A False Assumption: Some Types of Cases are “Not Amenable” to Mediation

By: Donald L. Swanson

The U.S. Sixth Circuit “moved to random selection” of cases for mediation because “cases that appeared to be amenable to mediation were not actually more likely to settle than any other case.”

Sixth Circuit Appellate Blog, April 6, 2012.

Any assumptions on what this might be? (Photo by Marilyn Swanson)

A False Assumption

One of the early assumptions about mediation is that some types of civil cases are more amenable to settlement through mediation than others.

This assumption is false.

Falsity is demonstrated by the experience of the U.S. Sixth Circuit Court of Appeal, reflected in the quotation above.

Falsity is also demonstrated in a report by Law Professor Suzanne J. Schmitz, published at, A Critique of the Illinois Circuit Rules Concerning Court-Ordered Mediation, 36 Loy. U. Chi. L. J. 783 (2005).

Illinois Rules on Mediation

Illinois adopted a mediation system in which a court, (i) has “authority to order mediation,” and (ii) “retains discretion over which cases to refer” to mediation.

In this system, Judges have broad latitude to determine “on a case-by-case basis” whether to order a case into mediation.

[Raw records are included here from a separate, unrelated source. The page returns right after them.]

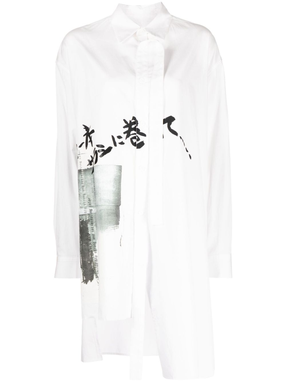 long-line graphic-print shirt Highlights - White - Cotton - Graphic print to the front - Pussy-bow collar - Front button fastening - Long sleeves - Buttoned-cuff sleeves - Asymmetric hem Imported Composition Cotton 100% SIZE & FIT Model measurements Height 5 ft 10 in(1.77 m) Bust/Chest 31.88 in(81 cm) Hips 33.85 in(86 cm) Waist 24.01 in(61 cm) Washing instructions Dry Clean Only
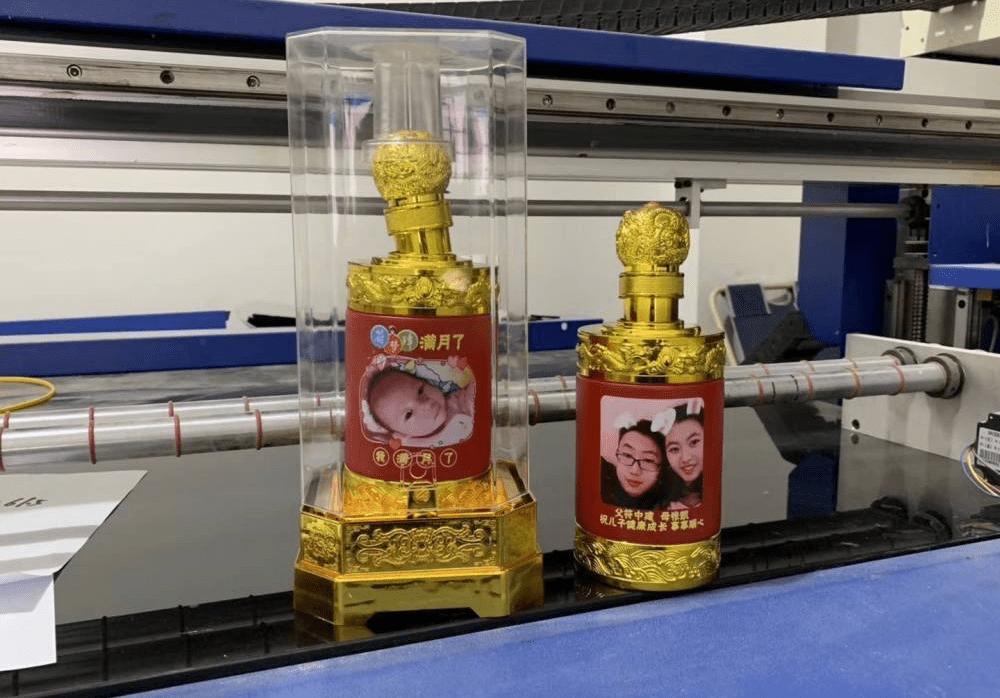 uv打印機 運用一種特殊的治具 能夠將酒瓶 玻璃瓶等圓柱體 旋轉打印 一邊旋轉一邊印刷 從而使普通的酒瓶更擁有表率性 可定制機構logo、婚慶照片等,擁有保藏 紀念價值。
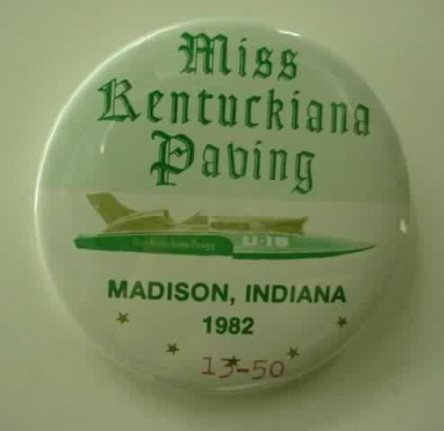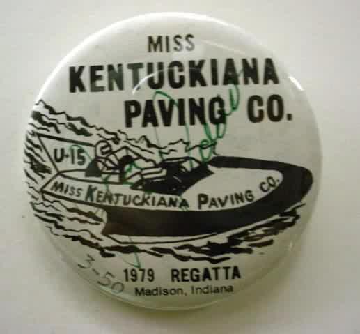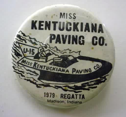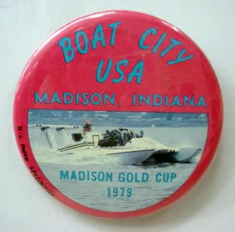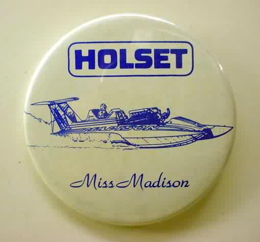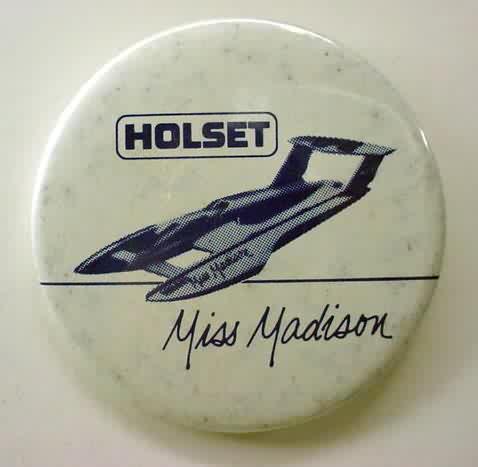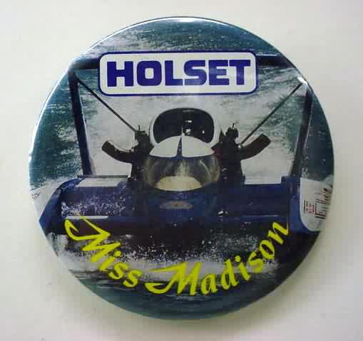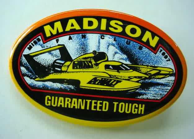 1999 MISS MADISON SEDAN CONTRACTING CORP. hydroplane pinback. full color action photo in the center; red border. approx. 3" diameter celluloid. reverse is clean; no rust. no flaws. no flaws. superior condition. 6.00
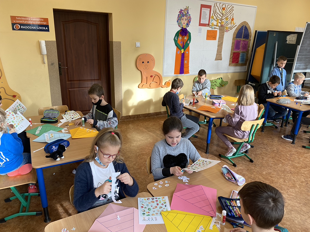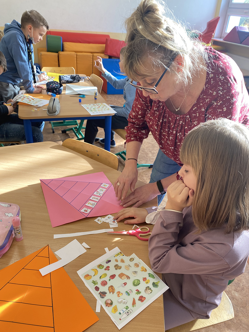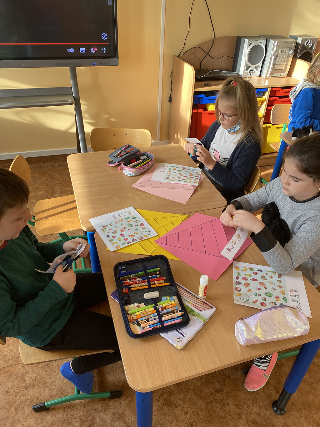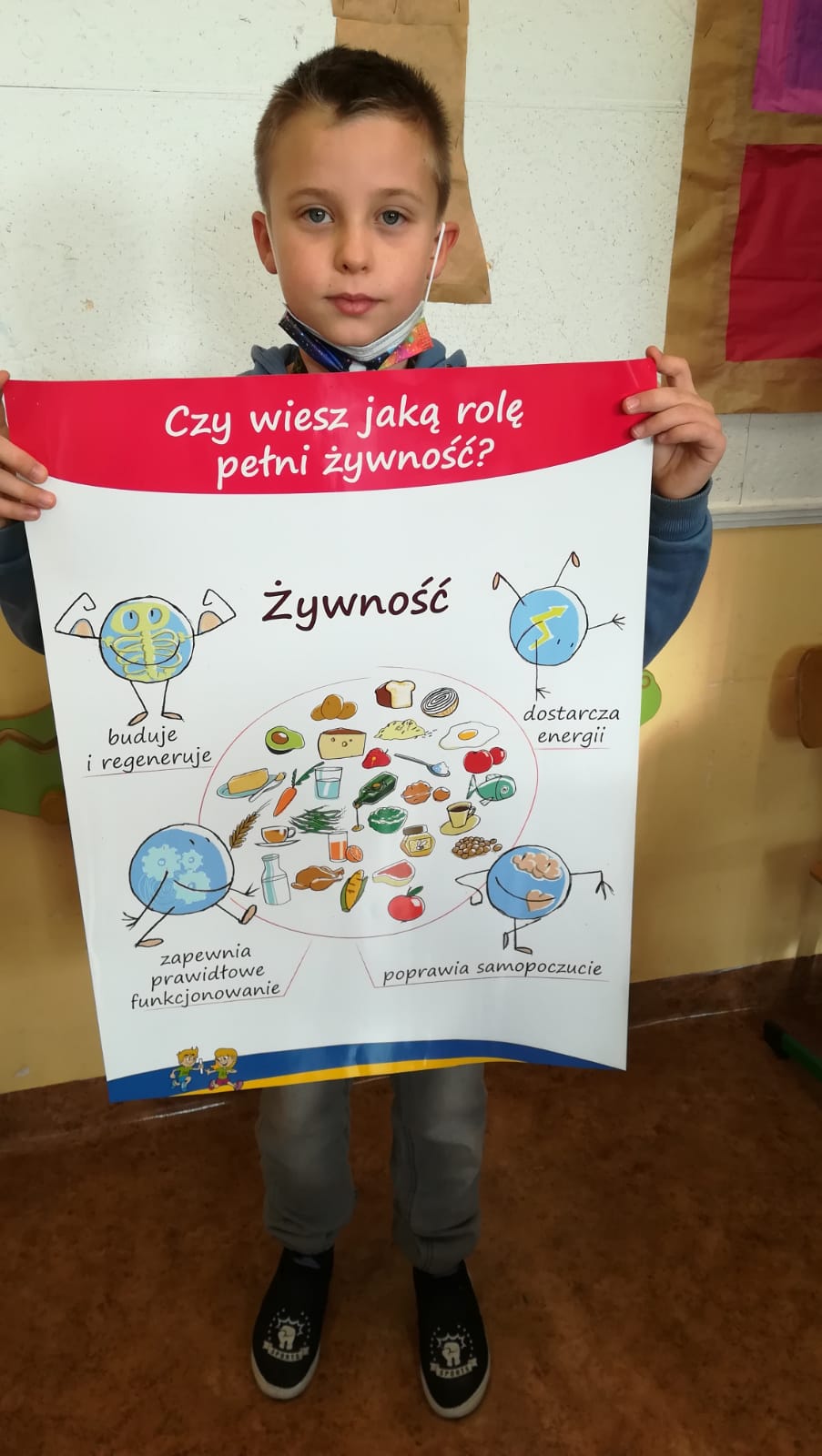Dużo radości sprawiło dzieciom wykonanie własnej piramidy zdrowia, którą mogły zabrać do domu. Zostały również poproszone o to, aby wspólnie z rodzicami ją obejrzeć, przeanalizować i zastanowić się jakie nowe, zdrowe artykuły spożywcze włączyć do domowego jadłospisu. Ponadto każdy uczestnik projektu otrzymał „Karty posiłków”, w których codziennie przez tydzień będzie notował, co jadł w ciągu całego dnia. Mamy nadzieję, że zdobytą wiedzę uczniowie wykorzystają do

Additionally, the system adopts the false assumption noted above by specifying grounds upon which dispensation from mediation is to be granted.

Studies Debunking the Assumption

Mediation studies provide “no empirical support” for identifying “best” types of cases to mediate. For example:

One study suggests that “personal injury cases were excellent candidates for mediation”;

Another concludes that “contract cases are extremely amenable to mediation”;

Most studies find “no difference in settlement rates between broad case categories”; and

Another study finds that even high levels of “acrimony” do not “argue against the likelihood of settlement through mediation.”

“Indeed,” Prof. Schmitz concludes:

There is “no typical case” in which “mediation has detrimental effects”;

A rule authorizing mediation in all types of civil cases “is sound”; and

Courts “should not automatically exclude categories of cases from mediation.”

Dispensation from Mediation

Mediation rules often allow dispensation from mediation for a variety of reasons. In Illinois, for example, any party to a court-ordered mediation can seek dispensation for these reasons:

(1) the parties previously mediated the matter under court order;
(2) the issue presents a question of law only;
(3) the order violates an administrative order of the court;
(4) the parties state that mediation will not facilitate a reasonable possibility of settlement; or
(5) other good cause shown.

–Flawed Dispensation Rules

Prof. Schmitz concludes that such rules granting dispensation from mediation are “flawed” and “probably unnecessary.” Here’s why:

1. The listed reasons for dispensation “have no basis in the research,” because studies show that “there is no type of case categorically unsuitable for mediation” and that “any rule carving out categories of cases unsuited for mediation” is “over-inclusive”; and

2. The “very creation of a list of reasons for dispensation” invites parties to seek dispensation and is “ill advised.”

Prof. Schmitz further concludes that “the fourth ground” for dispensations in the Illinois rule listed above (i.e., absence of a “reasonable possibility of settlement”) “should be struck.” Studies show that many cases settle through mediation “despite a firm insistence” before mediation “that only a trial could resolve the matter”:

–In one pilot program study, for example, more than one-third of mediating attorneys “doubted the likelihood of settlement” at the outset but reached a mediated settlement anyway.

–Discretion Needed

A court does need discretion to forego mediation in special circumstances. Mediation might not be suitable, for example, when:

There is “a need for public sanctioning of conduct” involving “repetitive violations” of law that “need to be dealt with collectively and uniformly”; or

A party is “not able to negotiate effectively,” even “with assistance of counsel.”

No special rules are needed for such discretion, Prof. Schmitz concludes, because a court can “rely on its inherent authority” to “excuse those cases that need excusing.”


The old assumption that some types of civil cases are less-amenable to mediation than others is false. It needs to be discarded and ignored.